▶ **Aim of the exercise**
Images appear in the records below; leave them out and repeat everything else exactly.

▶ **Data supplied**
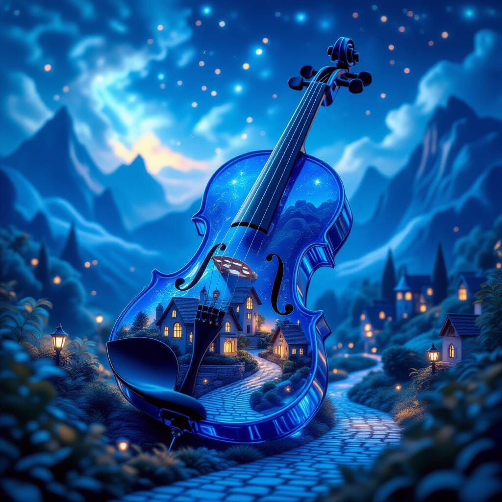 This image features a tiny, glowing village carved into a blue violin, set against a surreal, nebulae-filled background with luminous mountains, in a detailed fantasy style.
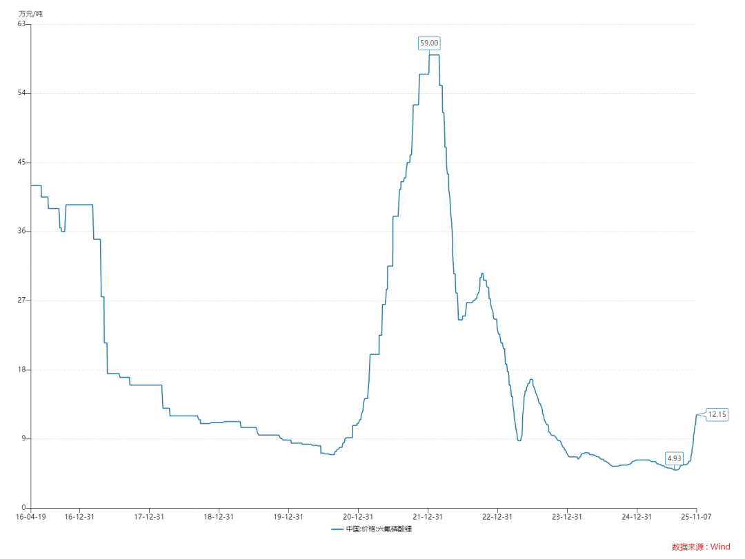 截至2025年11月7日,六氟磷酸锂价格报12.15万元/吨,较2025年7月低点4.95万元/吨累计上涨145%,呈现强劲反弹态势。价格自10月起加速上行,单月涨幅近100%,创下近三年新高。
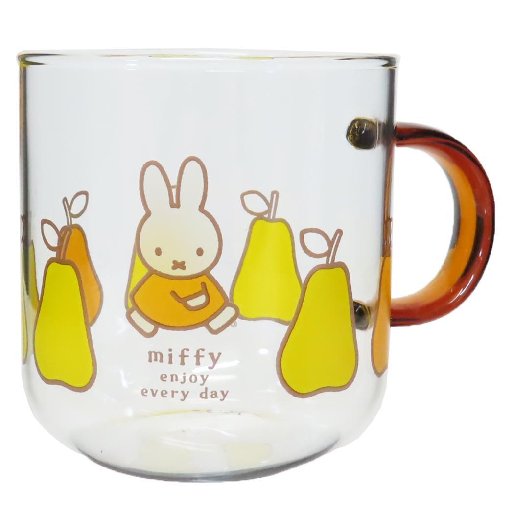 - ミッフィー 絵本キャラクター マグカップ カラーハンドル 耐熱ガラスマグ ブラウン 洋なし ディックブルーナ
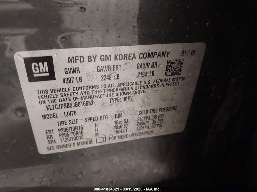 2018 CHEVROLET TRAX 2018 Gasoline, 1.4, Full drive, VIN - KL7CJPSB5JB****** from the USA
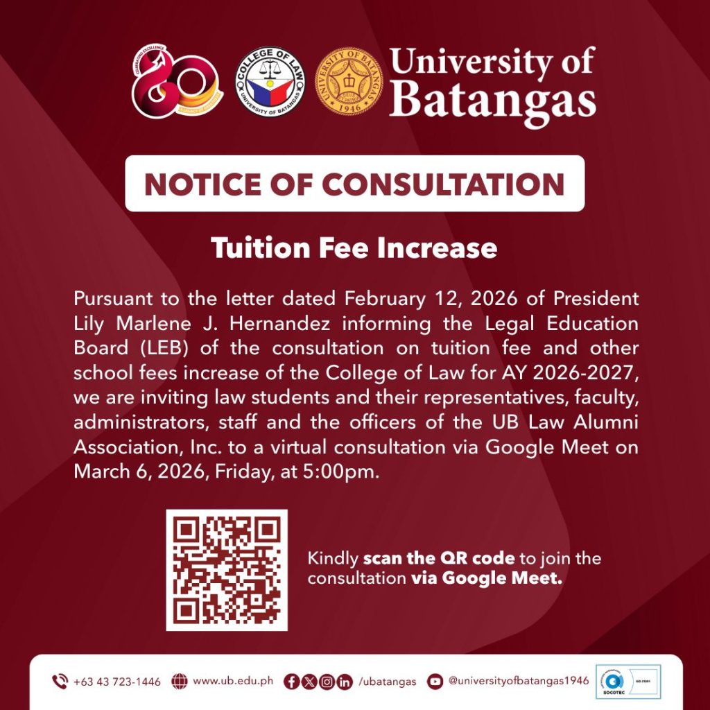 The UB College of Law is the first law school in the province of Batangas established in 1949. The opening of the College of Law was a commitment of the institution’s founders to give access to affordable quality legal education to students who do not have the means to pursue a law degree in Manila and realize their dreams of becoming members of the legal profession. From 1949 to 1979, the College of Law produced lawyers who have distinguished themselves in different areas of law. The College closed down in 1979, but re-opened in 1993 sharing the core vision of the University of Batangas “to be a center of excellence committed to serve the broader community through quality education” Government Recognition for the degree Bachelor of Laws was granted by the Commission on Higher Education on April 11, 1997. To the working professionals in the province of Batangas who would not otherwise have the opportunity to obtain a law degree in Manila, the re-opening of UB Law was a step towards the realization of their dreams.
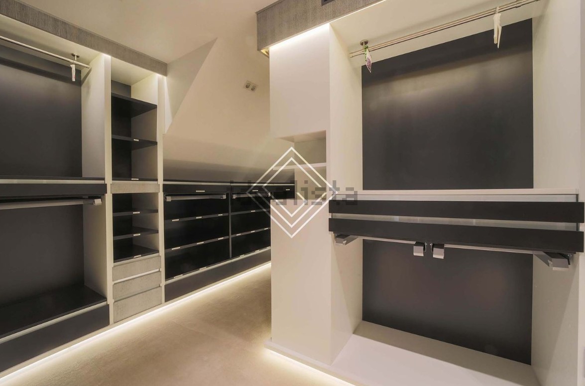 En la segunda planta se encuentra la zona destinada al dormitorio principal: pequeña cocina, enorme dormitorio principal con terraza, despacho y varios vestidores como el que se ve en la imagen.
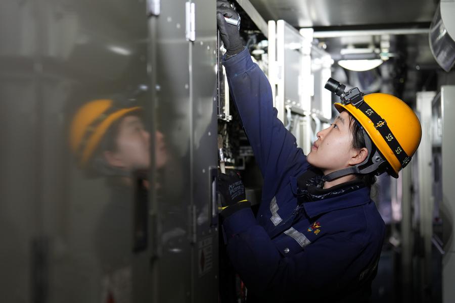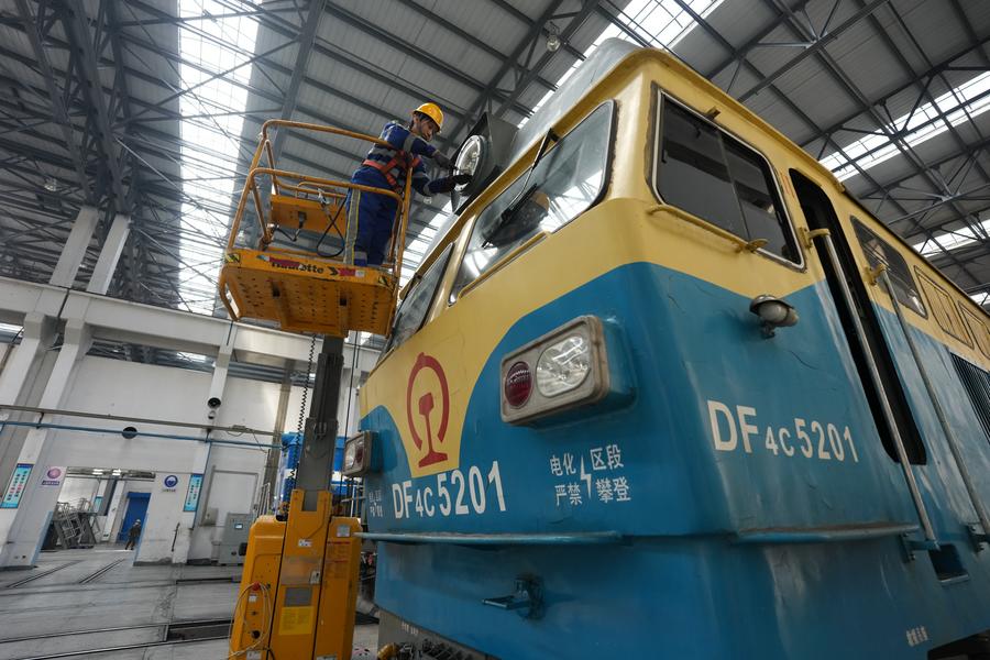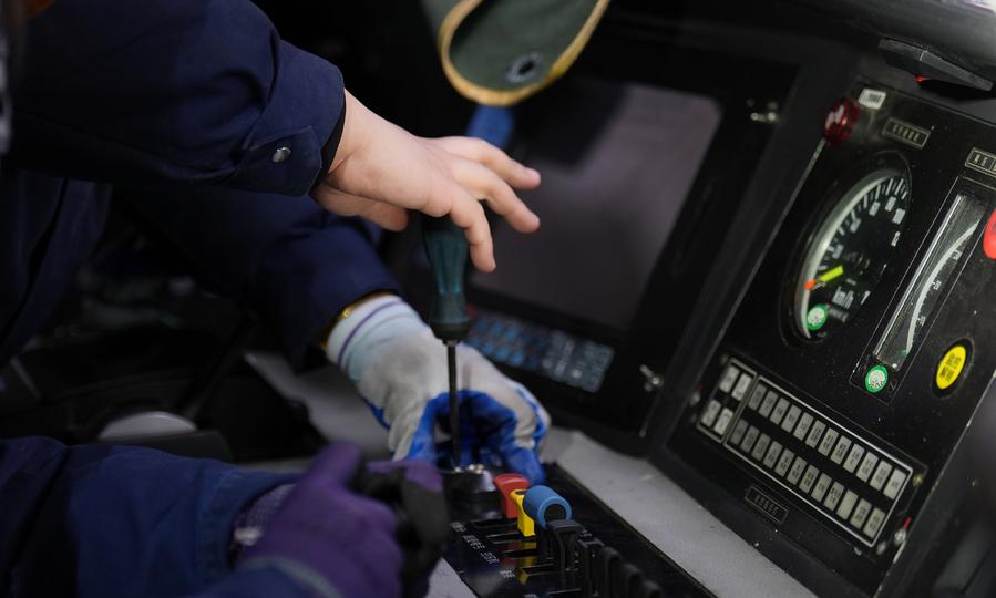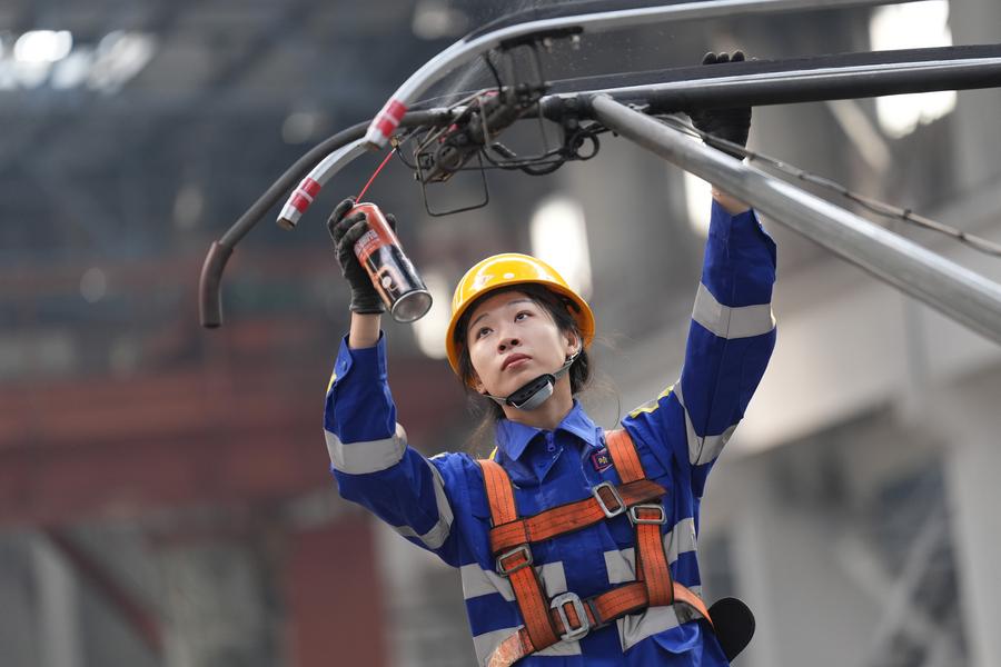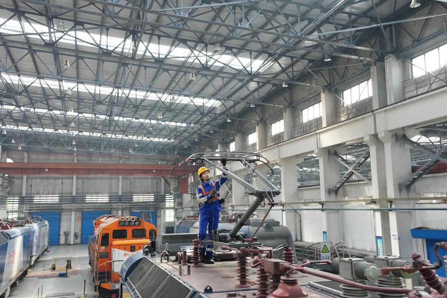 Wang Jiayi, a train mechanic, maintains a pantograph on a locomotive at a depot of China Railway Harbin Group Co., Ltd. in Harbin, northeast China's Heilongjiang Province, March 6, 2025. (Xinhua/Wang Song)

▶ **Answer box**
 This image features a tiny, glowing village carved into a blue violin, set against a surreal, nebulae-filled background with luminous mountains, in a detailed fantasy style.
 截至2025年11月7日,六氟磷酸锂价格报12.15万元/吨,较2025年7月低点4.95万元/吨累计上涨145%,呈现强劲反弹态势。价格自10月起加速上行,单月涨幅近100%,创下近三年新高。
 - ミッフィー 絵本キャラクター マグカップ カラーハンドル 耐熱ガラスマグ ブラウン 洋なし ディックブルーナ
 2018 CHEVROLET TRAX 2018 Gasoline, 1.4, Full drive, VIN - KL7CJPSB5JB****** from the USA
 The UB College of Law is the first law school in the province of Batangas established in 1949. The opening of the College of Law was a commitment of the institution’s founders to give access to affordable quality legal education to students who do not have the means to pursue a law degree in Manila and realize their dreams of becoming members of the legal profession. From 1949 to 1979, the College of Law produced lawyers who have distinguished themselves in different areas of law. The College closed down in 1979, but re-opened in 1993 sharing the core vision of the University of Batangas “to be a center of excellence committed to serve the broader community through quality education” Government Recognition for the degree Bachelor of Laws was granted by the Commission on Higher Education on April 11, 1997. To the working professionals in the province of Batangas who would not otherwise have the opportunity to obtain a law degree in Manila, the re-opening of UB Law was a step towards the realization of their dreams.
 En la segunda planta se encuentra la zona destinada al dormitorio principal: pequeña cocina, enorme dormitorio principal con terraza, despacho y varios vestidores como el que se ve en la imagen.
 Wang Jiayi, a train mechanic, maintains a pantograph on a locomotive at a depot of China Railway Harbin Group Co., Ltd. in Harbin, northeast China's Heilongjiang Province, March 6, 2025. (Xinhua/Wang Song)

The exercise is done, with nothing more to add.